We then perform a supervised analysis of SNV mutational signatures using signature-specific cutoffs:

lymphoma_COSMIC_listsList <-
  LCD_complex_cutoff_combined(
      in_mutation_catalogue_df = lymphomaNature2013_mutCat_df,
      in_cutoff_vector = current_cutoff_vector, 
      in_signatures_df = AlexCosmicValid_sig_df, 
      in_sig_ind_df = AlexCosmicValid_sigInd_df)

We assign subgroups to the different samples:

data(lymphoma_PID)
colnames(lymphoma_PID_df) <- "SUBGROUP"
lymphoma_PID_df$PID <- rownames(lymphoma_PID_df)
COSMIC_subgroups_df <- 
  make_subgroups_df(lymphoma_PID_df,
                    lymphoma_COSMIC_listsList$cohort$exposures)

And finally plot the obtained result:

cap <- "Exposures to SNV mutational signatures"

exposures_barplot(
  in_exposures_df = lymphoma_COSMIC_listsList$cohort$exposures,
  in_signatures_ind_df = lymphoma_COSMIC_listsList$cohort$out_sig_ind_df,
  in_subgroups_df = COSMIC_subgroups_df)

Compute the confidence intervals

In order to assess trustworthiness of the computed exposures, YAPSA provides the calculation of CIs. Analogously to CIs for SNV mutational signatures, the CIs for Indel mutational signatures are computed using the concept of profile likelihood. This is performed by the function variateExp().

cap <- "Confidence interval calculation for exposures to mutational 
        signatures"

complete_df <- variateExp(
  in_catalogue_df = lymphomaNature2013_mutCat_df,
  in_sig_df = lymphoma_COSMIC_listsList$cohort$signatures,
  in_exposures_df = lymphoma_COSMIC_listsList$cohort$exposures,
  in_sigLevel = 0.025, in_delta = 0.4)

Of note and as opposed to the output of the LCD function family, the result of the function variateExp() is a data frame in a long format, because for every combination of a signature and a sample, several values now have to be stored:

head(complete_df, 12)

Here, the column exposure contains the values which had been computed before.
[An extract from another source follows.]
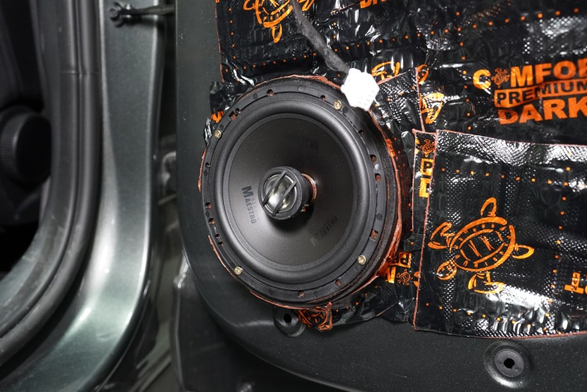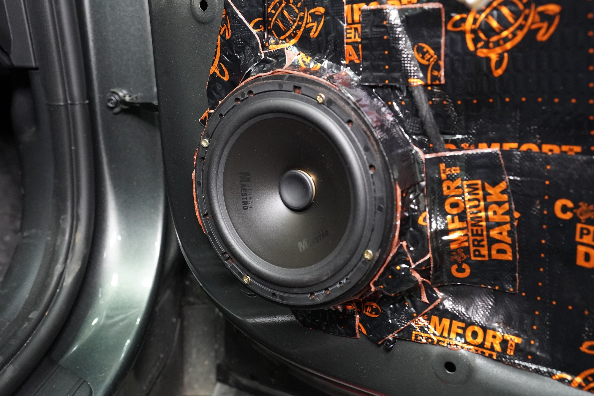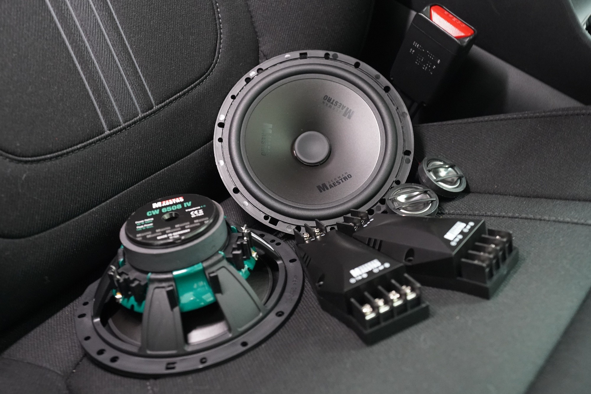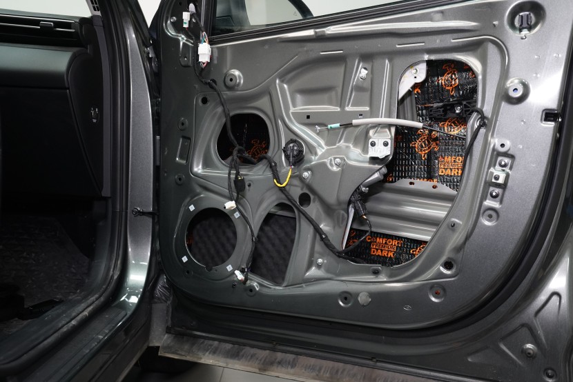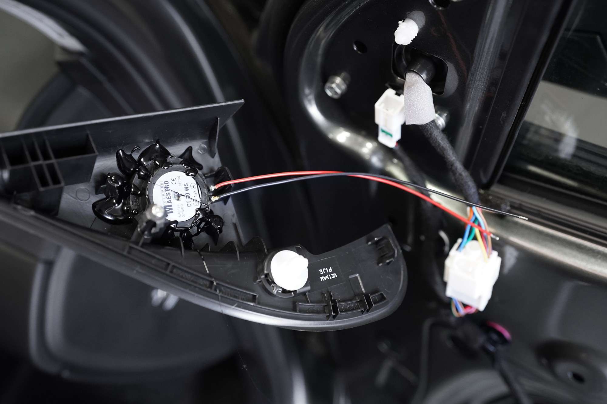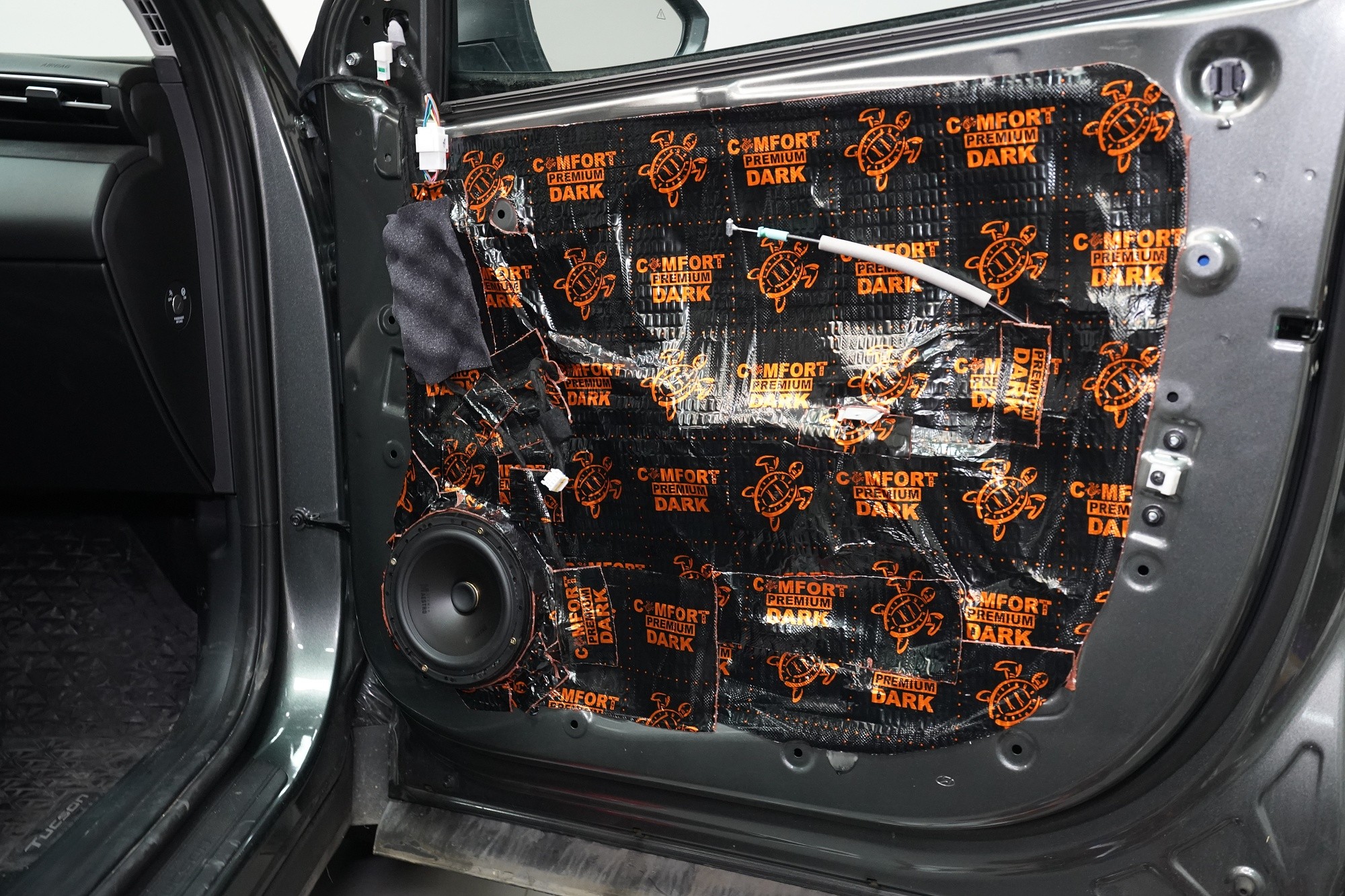 Смяна на високоговорителите в автомобил Hyundai Tucson от най-новото поколение. Най-простото и също най-икономично решение за подобряване на звука на заводската озвучителна система е смяната на високоговорителите при запазване на заводската автомагнитола. За това е необходимо да се изберат високоговорители с оптимална мощност и висока чувствителност, които позволяват свързване към заводска автомагнитола с по-ниска мощност. Нашият клиент, при прослушване на демопанела в магазина, избра комплект високоговорители на немския производител German Maestro, които все още се произвеждат ръчно в Германия. Въпреки че хартиените параметри на тези високоговорители не впечатляват, реалността е съвсем друга и въпреки посочената чувствителност под 90 dB, високоговорителите с лекота се справят с мощността на заводската автомагнитола. Всички врати естествено бяха шумоизолирани с премиум материали Comfortmat, което ще гарантира особено подсилване на басовия компонент на среднобасите и подобряване на техния звук. Изключително ниското тегло на антивибрационния материал Comfortmat Premium Dark позволява безпроблемна работа с вратите и в бъдеще.

The columms relLower and relUpper contain the factors with which to multiply the exposures in order to get the lower and upper bounds of the 95% CIs. The absolute values of these lower and upper bounds are stored in the columns lower and upper.

There also is a custom function to plot exposures with confidence intervals:

plotExposuresConfidence(
  in_complete_df = complete_df, 
  in_subgroups_df = COSMIC_subgroups_df,
  in_sigInd_df = lymphoma_COSMIC_listsList$cohort$out_sig_ind_df)

This produces a figure similar to the display of exposures obtained above, but in contrast to this former way of displaying signature exposures by stacked barplots, here we chose a facet plot with the signatures as rows in order to be able to display the CIs, which are indicated as whiskers. We furthermore would like to emphasize that if a signature is not present in a sample, i.e., the exposure to that signature is 0, then the upper and lower bounds of the confidence interval are zero as well.

Of note, the functionality to compute 95% CIs for signature exposures is also available for the analysis of Indel mutational signatures, an example is provided in the corresponding vignette.